Restate all the lines below word for word, but omit the pictures.

SOURCE DATA
◇ ◇ ◇ ◇ ◇
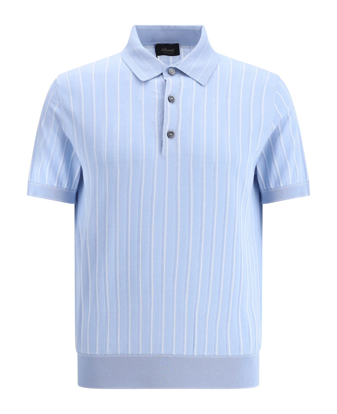 Brioni's striped polo sweater is an elegant and sophisticated piece, featuring a ribbed collar that adds a touch of class. the classic brioni signature three-button closure ensures a perfect fit, while the ribbed hem gives a refined finish. the modern and versatile striped pattern enriches the design with a dynamic and stylish accent. perfect for a casual-chic look, this polo lends itself to numerous pairings, making it ideal for informal yet elegant occasions.
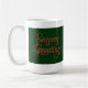 Crie uma herança familiar única quando você adicionar sua foto a esta caneca adorável com uma armação listrada de cana doce em vermelho e verde amarrada com uma fita vermelha de cetim. O fundo é verde festivo com espaço para personalização. O lado esquerdo tem a saudação tradicional de Natal.
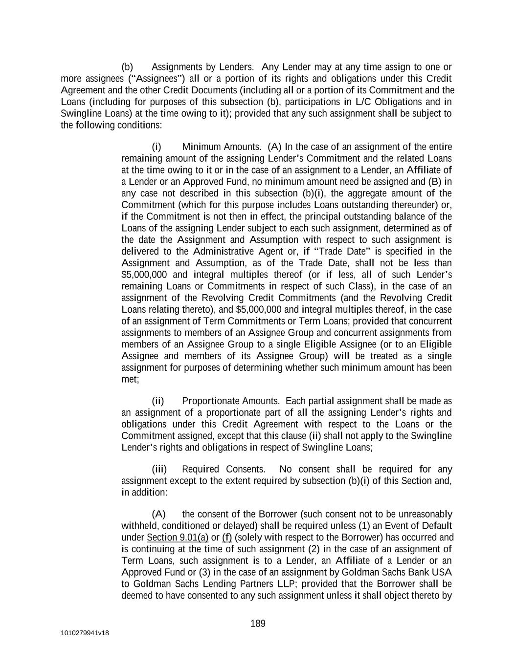 (b) Assignments by Lenders. Any Lender may at any time assign to one or more assignees (“Assignees”) all or a portion of its rights and obligations under this Credit Agreement and the other Credit Documents (including all or a portion of its Commitment and the Loans (including for purposes of this subsection (b), participations in L/C Obligations and in Swingline Loans) at the time owing to it); provided that any such assignment shall be subject to the following conditions: (i) Minimum Amounts. (A) In the case of an assignment of the entire remaining amount of the assigning Lender’s Commitment and the related Loans at the time owing to it or in the case of an assignment to a Lender, an Affiliate of a Lender or an Approved Fund, no minimum amount need be assigned and (B) in any case not described in this subsection (b)(i), the aggregate amount of the Commitment (which for this purpose includes Loans outstanding thereunder) or, if the Commitment is not then in effect, the principal outstanding balance of the Loans of the assigning Lender subject to each such assignment, determined as of the date the Assignment and Assumption with respect to such assignment is delivered to the Administrative Agent or, if “Trade Date” is specified in the Assignment and Assumption, as of the Trade Date, shall not be less than $5,000,000 and integral multiples thereof (or if less, all of such Lender’s remaining Loans or Commitments in respect of such Class), in the case of an assignment of the Revolving Credit Commitments (and the Revolving Credit Loans relating thereto), and $5,000,000 and integral multiples thereof, in the case of an assignment of Term Commitments or Term Loans; provided that concurrent assignments to members of an Assignee Group and concurrent assignments from members of an Assignee Group to a single Eligible Assignee (or to an Eligible Assignee and members of its Assignee Group) will be treated as a single assignment for purposes of determining whether such minimum amount has been met; (ii) Proportionate Amounts. Each partial assignment shall be made as an assignment of a proportionate part of all the assigning Lender’s rights and obligations under this Credit Agreement with respect to the Loans or the Commitment assigned, except that this clause (ii) shall not apply to the Swingline Lender’s rights and obligations in respect of Swingline Loans; (iii) Required Consents. No consent shall be required for any assignment except to the extent required by subsection (b)(i) of this Section and, in addition: (A) the consent of the Borrower (such consent not to be unreasonably withheld, conditioned or delayed) shall be required unless (1) an Event of Default under Section 9.01(a) or (f) (solely with respect to the Borrower) has occurred and is continuing at the time of such assignment (2) in the case of an assignment of Term Loans, such assignment is to a Lender, an Affiliate of a Lender or an Approved Fund or (3) in the case of an assignment by Goldman Sachs Bank USA to Goldman Sachs Lending Partners LLP; provided that the Borrower shall be deemed to have consented to any such assignment unless it shall object thereto by 189 1010279941v18
◇ ◇ ◇ ◇ ◇
WRITTEN RESPONSE
 Brioni's striped polo sweater is an elegant and sophisticated piece, featuring a ribbed collar that adds a touch of class. the classic brioni signature three-button closure ensures a perfect fit, while the ribbed hem gives a refined finish. the modern and versatile striped pattern enriches the design with a dynamic and stylish accent. perfect for a casual-chic look, this polo lends itself to numerous pairings, making it ideal for informal yet elegant occasions.
 Crie uma herança familiar única quando você adicionar sua foto a esta caneca adorável com uma armação listrada de cana doce em vermelho e verde amarrada com uma fita vermelha de cetim. O fundo é verde festivo com espaço para personalização. O lado esquerdo tem a saudação tradicional de Natal.
 (b) Assignments by Lenders. Any Lender may at any time assign to one or more assignees (“Assignees”) all or a portion of its rights and obligations under this Credit Agreement and the other Credit Documents (including all or a portion of its Commitment and the Loans (including for purposes of this subsection (b), participations in L/C Obligations and in Swingline Loans) at the time owing to it); provided that any such assignment shall be subject to the following conditions: (i) Minimum Amounts. (A) In the case of an assignment of the entire remaining amount of the assigning Lender’s Commitment and the related Loans at the time owing to it or in the case of an assignment to a Lender, an Affiliate of a Lender or an Approved Fund, no minimum amount need be assigned and (B) in any case not described in this subsection (b)(i), the aggregate amount of the Commitment (which for this purpose includes Loans outstanding thereunder) or, if the Commitment is not then in effect, the principal outstanding balance of the Loans of the assigning Lender subject to each such assignment, determined as of the date the Assignment and Assumption with respect to such assignment is delivered to the Administrative Agent or, if “Trade Date” is specified in the Assignment and Assumption, as of the Trade Date, shall not be less than $5,000,000 and integral multiples thereof (or if less, all of such Lender’s remaining Loans or Commitments in respect of such Class), in the case of an assignment of the Revolving Credit Commitments (and the Revolving Credit Loans relating thereto), and $5,000,000 and integral multiples thereof, in the case of an assignment of Term Commitments or Term Loans; provided that concurrent assignments to members of an Assignee Group and concurrent assignments from members of an Assignee Group to a single Eligible Assignee (or to an Eligible Assignee and members of its Assignee Group) will be treated as a single assignment for purposes of determining whether such minimum amount has been met; (ii) Proportionate Amounts. Each partial assignment shall be made as an assignment of a proportionate part of all the assigning Lender’s rights and obligations under this Credit Agreement with respect to the Loans or the Commitment assigned, except that this clause (ii) shall not apply to the Swingline Lender’s rights and obligations in respect of Swingline Loans; (iii) Required Consents. No consent shall be required for any assignment except to the extent required by subsection (b)(i) of this Section and, in addition: (A) the consent of the Borrower (such consent not to be unreasonably withheld, conditioned or delayed) shall be required unless (1) an Event of Default under Section 9.01(a) or (f) (solely with respect to the Borrower) has occurred and is continuing at the time of such assignment (2) in the case of an assignment of Term Loans, such assignment is to a Lender, an Affiliate of a Lender or an Approved Fund or (3) in the case of an assignment by Goldman Sachs Bank USA to Goldman Sachs Lending Partners LLP; provided that the Borrower shall be deemed to have consented to any such assignment unless it shall object thereto by 189 1010279941v18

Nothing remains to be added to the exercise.